Considerazioni finali

Il documento dell’European Journal on Criminal Policy and Research, grazie al compendio delle diverse ricerche contenute e delle testimonianze dirette degli immigrati, contraddice la retorica immigrazionista che descrive gli immigrati come inconsapevoli vittime dei trafficanti. Questi ultimi garantiscono agli immigrati, a fronte di un pagamento iniziale, spesso solo un acconto, l’imbarco su un gommone/barcone per tutte le volte necessarie allo scopo del servizio, ovvero lo sbarco nel Paese stabilito. Ciò smentisce quanto affermato dagli immigrazionisti, come il sostenitore delle Ong Erri De Luca, il quale aveva sostenuto che l’immigrato veniva messo sui gommoni come merce perché tanto aveva già pagato. Il compenso economico del trafficante dipende dal suo arrivo in Italia, e in caso di morte il pagamento non potrà essere riscosso, quando il pagamento è suddiviso in acconto e saldo.

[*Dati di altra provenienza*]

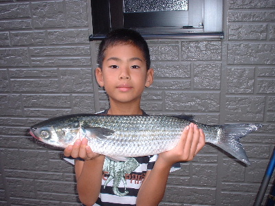 自分は内向きで群れからはぐれた迷いアジ3匹と、自己記録の57cmボラを

Questo significa che ogni immigrato che sbarca in Italia è automaticamente un introito per le organizzazioni criminali. Tale denaro, nel caso migliore, renderà i trafficanti più ricchi, quindi in grado di incrementare le proprie attività, di corrompere le autorità locali, etc., aumentando inevitabilmente il flusso di clandestini. Nel caso peggiore, ma assai frequente, questo denaro potrà essere reinvestito in altre attività illegali (commercio di armi nei Paesi di provenienza degli immigrati e in quelli di transito, traffico di droga, terrorismo). L’attività delle navi delle Ong, che facilitano la traversata, anzi la rendono materialmente possibile, è quindi un’attività che incrementa direttamente gli introiti di queste organizzazioni criminali. Ciò dovrebbe portare a considerare il loro operato in maniera completamente diversa da quanto accade oggi. D’altro canto, affinché il pagamento possa essere sbloccato, è necessario avere l’informazione che conferma lo sbarco dell’immigrato in Italia. E a questo punto è lecito chiedersi quale sia il vero ruolo di organizzazioni come il centralino Alarm Phone, che hanno una contabilità certosina dei gommoni/barconi in partenza, affermano di essere in contatto con i familiari e si lamentano costantemente della reticenza delle Guardie costiere nazionali in merito agli interventi di soccorso e salvataggio (SAR). Sono forse uno dei canali attraverso cui l’informazione dell’arrivo del clandestino arriva ai “third-party escrow services”? È inevitabile porsi questa domanda.

E cosa fanno i Servizi segreti dei Paesi dell’Unione Europea nei Paesi di provenienza, di transito e di imbarco? Come è possibile che non siano stati individuati i gestori di questi servizi finanziari e che gli stessi possano operare liberamente? Come si è detto, i trafficanti pubblicizzano e promuovono i propri servizi soprattutto sui social network e, allo stesso tempo, gli immigrati pubblicano le storie di successo contribuendo alla reputazione dei trafficanti. Tutto ciò avviene alla luce del sole, nonostante il traffico di esseri umani sia una delle attività globalmente più contrastate, almeno a parole. Perché i social network, così solerti e zelanti nell’arginare le derive razziste e xenofobe, sono così tolleranti verso i trafficanti, assolutamente liberi di pubblicizzare i propri servizi su pagine che sembrano dei veri e propri tour operator?